Bor (B) ve Selenyum (Se), antioksidan, anti-apoptotik, anti-lipid peroksidatif ve bağışıklık güçlendirici özellikleri sayesinde insan vücudu için gerekli eser elementlerdir. Bu çalışma, Se ve B'nin Siklofosfamid (SFD) ile indüklenen kemik iliğinde miyeloid koruyucu potansiyellerini ve bu anti-kanser ilacın miyelotoksik özelliğinin kullanımını sınırladığını göz önünde bulundurarak deneysel sıçanlarda hematolojik toksisiteyi karşılaştırmayı amaçlamaktadır. SFD'nin kemik iliği ve kan hücreleri üzerindeki toksik etkilerini önlemede selenyumun bordan daha iyi bir koruyucu etkiye sahip olduğunu varsaydık. Bu eser elementlerin en sık kullanılan optimal dozları olan 1.5 mg/kg Se ve 20 mg/kg B hayvanlara deney boyunca intraperitoneal olarak verildi. Sadece 4. günde 200 mg/kg SFD uygulandı. Hayvanlar sakrifiye edilerek hematolojik değerlendirmeler için kan ve kemik iliği örnekleri alındı. SFD uygulaması, lökosit (WBC), trombosit (PLT), eritrositler (RBC) ve kemik iliği çekirdekli hücre sayılarını önemli ölçüde azalttı. Öte yandan, SFD ile birlikte Se ve B verilen gruplarda, sadece SFD verilenlere göre önemli miktarlarda arttı. Ancak Se'nin, istatistiksel anlamlılık elde edememesine rağmen, SFD'nin neden olduğu kemik iliği ve hematolojik toksisiteyi önlemede B'den daha koruyucu olduğu kanıtlanmıştır. Bu nedenle, bu deneyde kullanılan dozların, kemik iliğinde SFD'nin neden olduğu hasara ve SFD'e bağlı hematolojik toksisiteye karşı korumada başarılı olduğu sonucuna varıldı.

Anahtar Kelimeler

Siklofosfamid, Selenyum, Bor, Kemik iliği, Hematolojik Toksisite

Kaynakça

• [1] Thun, M. J., DeLancey, J. O., Center, M. M., Jemal, A., and Ward, E. M. (2010). The global burden of cancer: priorities for prevention, Carcinogenesis 31 100-110.
• [2] Iqubal, A., Iqubal, M. K., Sharma, S., Ansari, M. A., Najmi, A. K., Ali, S. M., Ali, J., and Haque, S. E. (2019). Molecular mechanism involved in cyclophosphamide-induced cardiotoxicity: Old drug with a new vision, Life Sciences 218, 112-131.
• [3] Ashry, N. A., Gameil, N. M., and Suddek, G. M. (2013).

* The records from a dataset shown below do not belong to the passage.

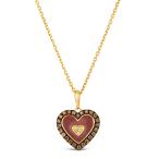 【並行輸入品】LeVian 1/5カラット ホワイト&チョコレートダイヤモンド エナメルハートペンダントネックレス レディース 14Kイエローゴ
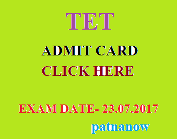 बिहार TET के लिए एडमिट कार्ड जारी हो गया है. परीक्षा 23 जुलाई को 2 पालियों में होगी. अपना परीक्षा केन्द्र जानने के लिए आप ऊपर दिए गए स्थान पर क्लिक करें. या फिर इस लिंक पर क्लिक करें.
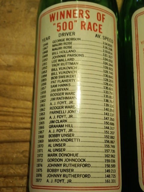 7up Souvenir Bottle INDIANAPOLIS 500
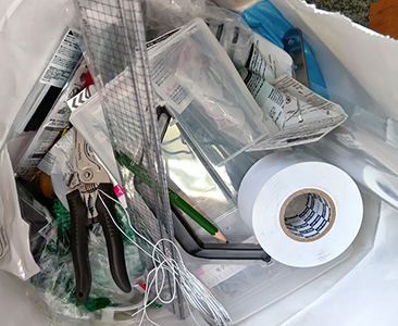 ②ダンボール片(三角片)をおさえる土台としてL字金具と直線金具を組み合わせてポールに固定します。
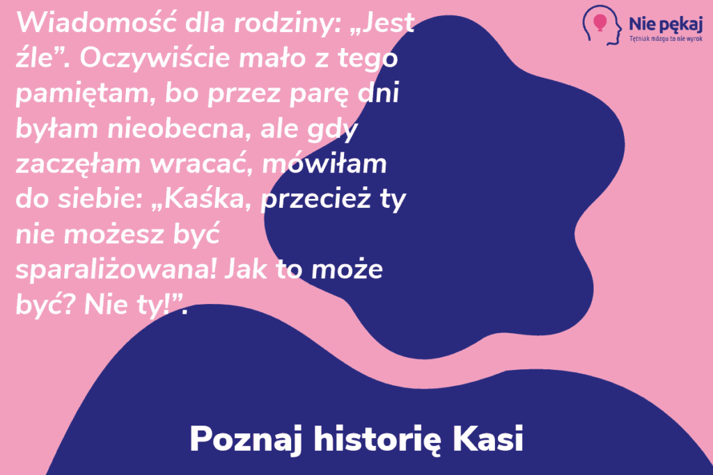 Oczywiście mało z tego pamiętam, bo przez parę dni byłam nieobecna, ale gdy zaczęłam wracać, mówiłam do siebie: „Kaśka, przecież ty nie możesz być sparaliżowana! Jak to może być? Nie ty!”.
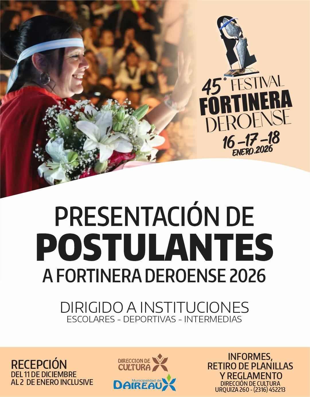 La Dirección de Cultura informa que a partir del 11 de diciembre y hasta el 2 de enero inclusive, comienza el período para la presentación de postulantes a Fortinera Deroense 2026. La convocatoria está destinada a instituciones escolares, deportivas e intermedias.

Modulation of cyclophosphamide-induced early lung injury by allicin, Pharmaceutical Biology, 51 806-811.
• [4] Kalaycioglu, M. E., Lichtin, A. E., Andresen, S. W., Tuason, L., and Bolwell, B. (1995). High-dose busulfan and cyclophosphamide followed by autologous bone marrow transplantation and/or peripheral blood progenitor cell rescue for metastatic breast cancer. American Journal of Clinical Oncology 18, 491-494.
• [5] Kumar, K., and Kuttan, R. J. P. (2005). Chemoprotective activity of an extract of Phyllanthus amarus against cyclophosphamide induced toxicity in mice. Phytomedicine 12, 494-500.
• [6] Senthilkumar, S., Devaki, T., Manohar, B. M., and Babu, M. S. (2006). Effect of squalene on cyclophosphamide-induced toxicity. Clinica Chimica Acta 364, 335-342.
• [7] Ozabacigil, F., Beydemir, S., Ciftci, M., Gumustekin, K., and Bakan, N. (2008). Cisplatin and 5-fluorouracil inhibits 6-phosphogluconate dehydrogenase activity in human erythrocytes in vitro and in vivo. Asian Journal of Chemistry 20, 3189.
• [8] Cengiz, M. (2018). Hematoprotective effect of boron on cyclophosphamide toxicity in rats. Cellular and Molecular Biology 64, 62-65.
• [9] Ağgül, A. G., Gür, F., and Gülaboğlu, M. (2021). Streptozotocin‐Induced Oxidative Stress in Rats: The Protective Role of Olive Leaf Extract. Bulletin of the Korean Chemical Society,42, 180-187.
• [10] Fatma, G., Ağgül, A. G., and Gülaboğlu, M. (2020). Su ile hazırlanan zeytin yaprağı özütünün ratlarda streptozotosin kaynaklı oksidatif stres ve lipit peroksidasyonu üzerine etkileri. Journal of the Institute of Science and Technology 10, 2406-2415.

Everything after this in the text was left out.